Despite expressing doubts over the plausibility of catching Verstappen, Hamilton set four fastest laps in succession – including three new race lap records – and started to reel in the now struggling Red Bull.
Verstappen asked why Red Bull failed to bring him in to the pits the lap after Hamilton and was told by his race engineer Gianpiero Lambiase that there was not a sufficient gap to the Mercedes at any point.
Consistent pace from Hamilton launched him back to within striking distance of Verstappen with four laps to go, culminating in a move around the outside of Turn 1 for the race victory and a commanding 62-point lead in the Drivers’ Championship
Verstappen walked away from the Hungaroring with 19 points after a late switch to soft tyres granted him the fastest lap, moving him to within seven points of Bottas.
A long first stint for Vettel on medium tyres allowed him the chance to use soft tyres for the last 31 laps of the race, and a bold move on team-mate Leclerc at Turn 1 with three laps to go ensured that he backed up his second place one week ago at the German Grand Prix with another podium.
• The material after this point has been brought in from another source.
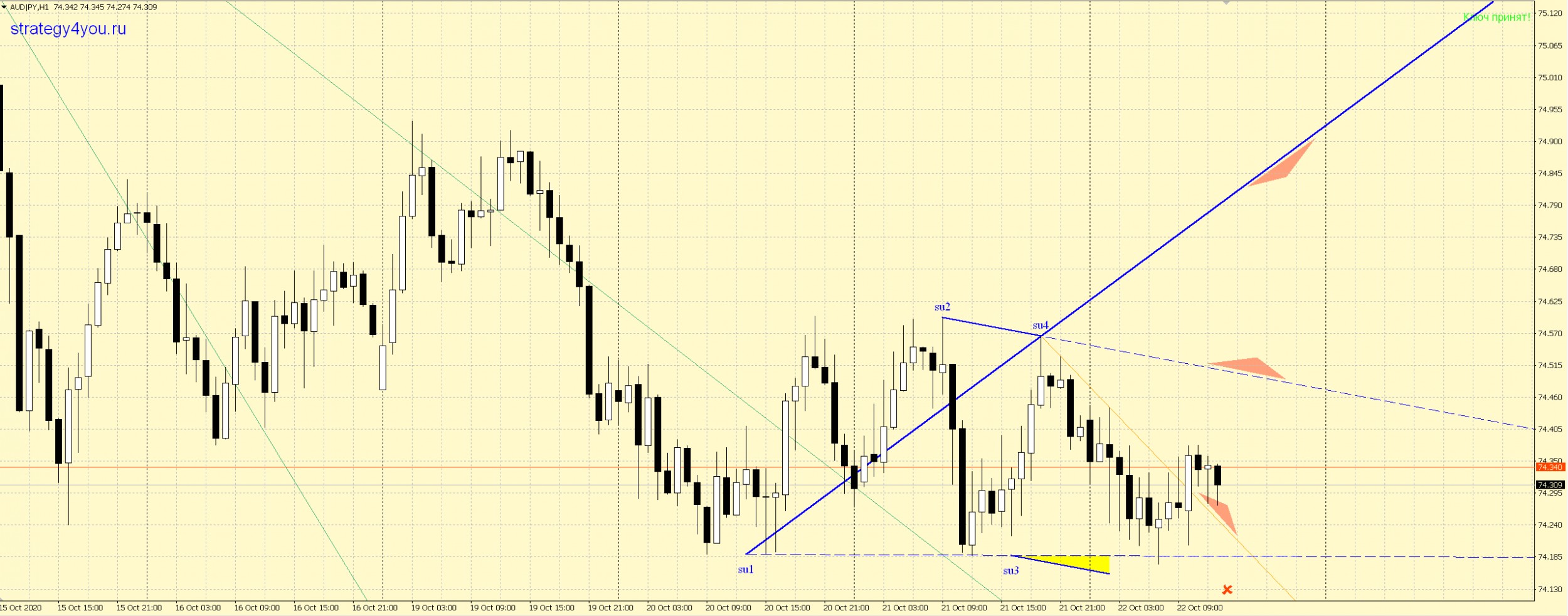 ВВ по AUDJPY, сигнал уже подтвержден, стоп около 20 пунктов, профит на рисунке:

Carlos Sainz Jr. held fifth place for most of the race, holding off the close attentions of Red Bull’s Pierre Gasly for the entirety of the second half of the race – extending the McLaren F1 Team‘s advantage in fourth place of the Constructors’ standings.
Kimi Räikkönen also had to hold firm in the closing laps to prevent Bottas from moving up to seventh, finishing ahead of his compatriot by 0.736s for Alfa Romeo Racing.
Lando Norris‘s race was compromised by a slow pitstop, demoting him to ninth place ahead of Scuderia Toro Rosso‘s Alexander Albon.
Albon survived a late collision at Turn 1 with Sergio Pérez while battling the Mexican for the final point.
Romain Grosjean was the only retirement, ending his race in the Haas F1 Team garage on lap 49 – he was ordered to let team-mate Kevin Magnussen through for fifteenth place moments beforehand.